On our drive from Chicago to South Dakota, we turned down the music for a while to interview a Chicago psychologist, David. David’s sister, who is four years younger than he, was born prematurely and suffers from physical and mental retardation and severe mental illness. She was diagnosed with 18q Minus Syndrome when she was 18 after the completion of the Human Genome Project. He described her as “very smart, very eloquent, but also very evil and conniving.” He described her as the type of person that does much better in situations that involve boundaries and rules. Throughout his life, David has gone to IEP/ILP meetings with his parents, has been involved in processes relating to her medicines and living situations, and has a very open communication current with his parents regarding his sister and her life. He depicted his desensitization from being embarrassed in public, his confusion about whether his sister’s tantrums are a part of a personality or a factor of her disability (a very common incertitude we have seen over this trip), and his realization that his sister lacks empathy, which makes having a relationship with her tremendously difficult. “There are certainly times when she would throw tantrums for the sake of getting her way and it’s just very difficult sometimes to tell whether this is her trying to get her way or [her] being a relatively disabled person.”
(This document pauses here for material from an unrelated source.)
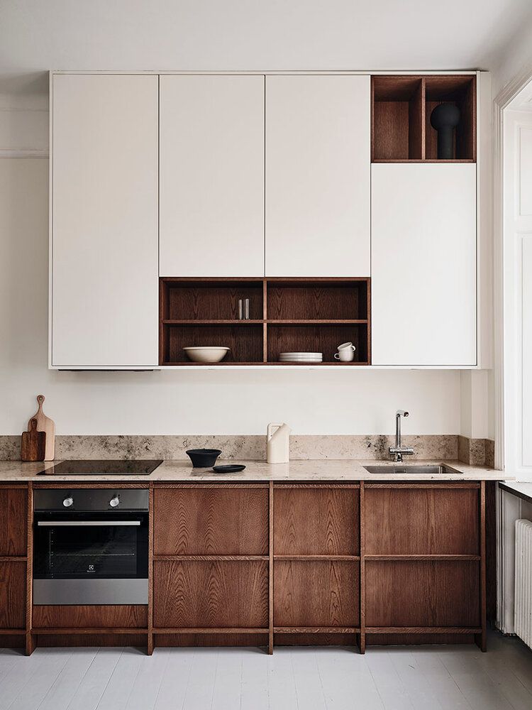 Với căn bếp có tông trầm làm chủ đạo, chúng ta sẽ cần lưu tâm đến các giải pháp lấy sáng tự nhiên và hệ thống chiếu sáng để làm căn bấp thật thu hút nhưng vẫn ấm cúng trong cảm nhận.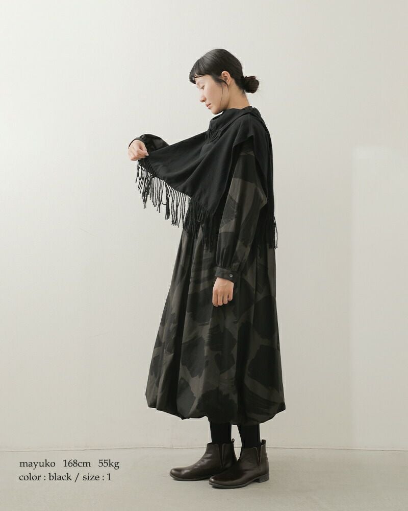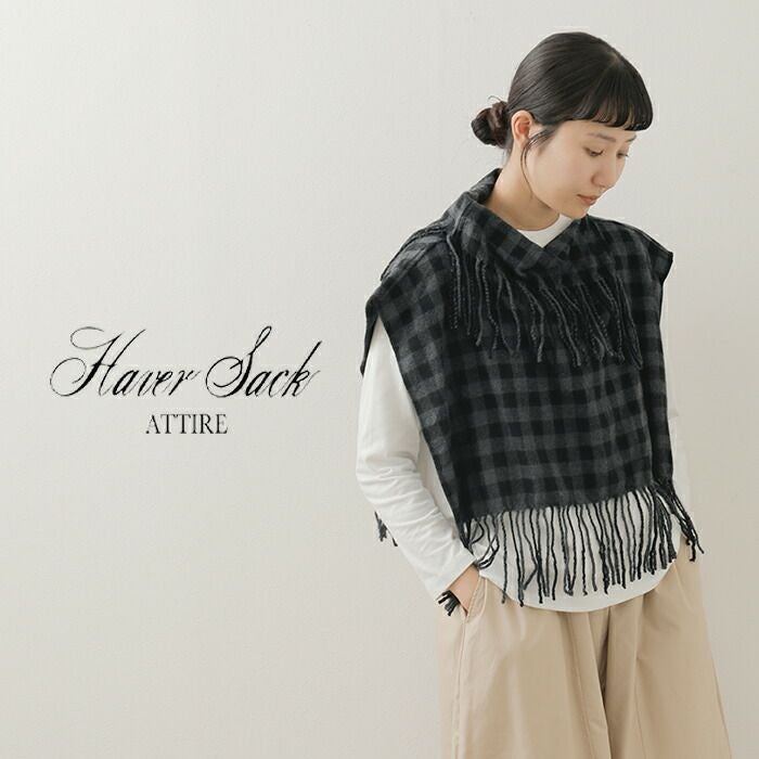 HAVERSACK ATTIRE(ハバーサック アタイア)よりウール フリンジ ネックウォーマーのご紹介です。柔らかく保温性に優れたウール素材を使用し、首元をやさしく包み込んでくれるプルオーバータイプのネックウォーマー。頭からすぽっとかぶるだけで、防寒とレイヤード風のスタイリングを一度に楽しめるのが魅力です。暖かさは欲しいけれどコートやマフラーでは少し重たく感じる方、室内で身軽に過ごしたい方、デスクワークや家事などで手元の動きを妨げたくない方にもぴったり。着用する向きを変えるだけで印象をアレンジできるのも嬉しいポイントです。シンプルながらフリンジがアクセントになった、機能性とデザイン性を両立した大人のための防寒アイテム。ユニセックスで使える、冬の新定番です。

So, why does he bother staying involved in her caretaking?
David’s story epitomizes a key trend that we have seen over and over on this trip. He told us blatantly that he stays as involved as he is because, at this point, he is “doing things for [his] parents now, more so than [his] sister.” “If my mom didn’t care that I go and see where she lives, then I wouldn’t care.” We have spoken with many primary caregivers whose decisions towards their siblings are intrinsically tied to their feelings about their parents. Many times, older siblings take on more of a role in their sibling’s lives because they feel guilty that their parents are still doing it, that their parents will never see their retirements. Other times, we see siblings who take on adult-roles in their sibling’s lives because they know that after their parents pass on, no one else will. Still other times, we speak with sibling who feel contrite and accept caretaker roles because they know that their parents want them to do so.
As David told us, he is a psychologist that doesn’t “do feelings” in his work with cognitive psychology. Sometimes, as we have seen numerous times along this journey, the best role to take on during long-term care is the one that you are comfortable with the most, even if it involves more overseeing than seeing.